Niksson commented 1 month ago

While I'm at it, I will note this, from Ocelot's source code:

public class ServiceDiscoveryProviderFactory : IServiceDiscoveryProviderFactory // This is registered as Singleton
    {
        public ServiceDiscoveryProviderFactory(IOcelotLoggerFactory factory, IServiceProvider provider)
        {
            // We inject an IServiceProvider here
            _provider = provider;
            _delegates = provider.GetService<ServiceDiscoveryFinderDelegate>();
           //...
        }

And in the method passed as a delegate:

// Also registered as Singleton
private static IServiceDiscoveryProvider CreateProvider(IServiceProvider provider, ServiceProviderConfiguration config, DownstreamRoute route)
    {
        // ...

       // IConsulServiceBuilder is Scoped, and Scoped services usually cannot be resolved from Singletons
        var serviceBuilder = provider.GetService<IConsulServiceBuilder>(); // consume data in default/custom builder

In singleton services you usually need to create a scope to resolve scoped services, for example:

private static IServiceDiscoveryProvider CreateProvider(IServiceProvider provider, ServiceProviderConfiguration config, DownstreamRoute route)
    {
        // ...

        var scope = provider.CreateScope();
        var serviceBuilder = scope.ServiceProvider.GetService<IConsulServiceBuilder>(); // consume data in default/custom builder

I've found a related article - https://samwalpole.com/blog/using-scoped-services-inside-singletons/index.html

Just to be clear - I'm still working on providing a sample project to help you with investigation

Niksson commented 1 month ago

@raman-m The error occurs on every request.

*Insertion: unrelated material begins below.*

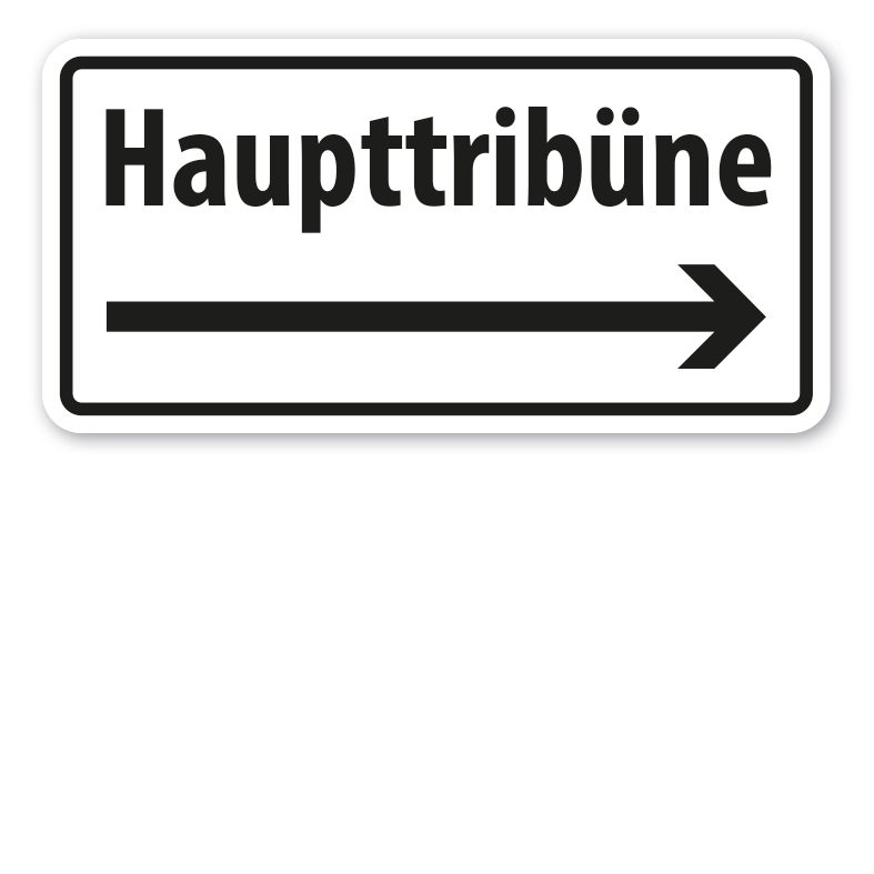 Schild Haupttribüne Pfeil rechts. Unsere Schilder sind in zahlreichen Größen und Ausführungen als Standardartikel oder mit Ihrem Wunschtext für eine bedarfsbezogene Beschilderung erhältlich.

I need to strip the ocelot.json of private info before sending it to you, but I will try to do it with the sample project

raman-m commented 1 month ago

Please recognize that this is an open-source project. Stating "I cannot share code or files" and not revealing all parts of the application implies that we are unable to assist you.

Just to be clear - I'm still working on providing a sample project to help you with investigation

Understood... best of luck! We have other significant tasks to prioritize.

raman-m commented 1 month ago

In singleton services you usually need to create a scope to resolve scoped services, for example:

private static IServiceDiscoveryProvider CreateProvider(IServiceProvider provider, ServiceProviderConfiguration config, DownstreamRoute route)
        // ...
        var scope = provider.CreateScope();
        var serviceBuilder = scope.ServiceProvider.GetService<IConsulServiceBuilder>(); // consume data in default/custom builder

I've found a related article - https://samwalpole.com/blog/using-scoped-services-inside-singletons/index.html

Okay, thanks! That could be the root cause. But why is it impossible to reproduce by our tests? Other developers have informed that the 23.3.4 fix is functioning, which is peculiar. It appears the issue arises in specific types of solutions with numerous customizations.

Have you implemented this fix in your application? Is it functioning properly?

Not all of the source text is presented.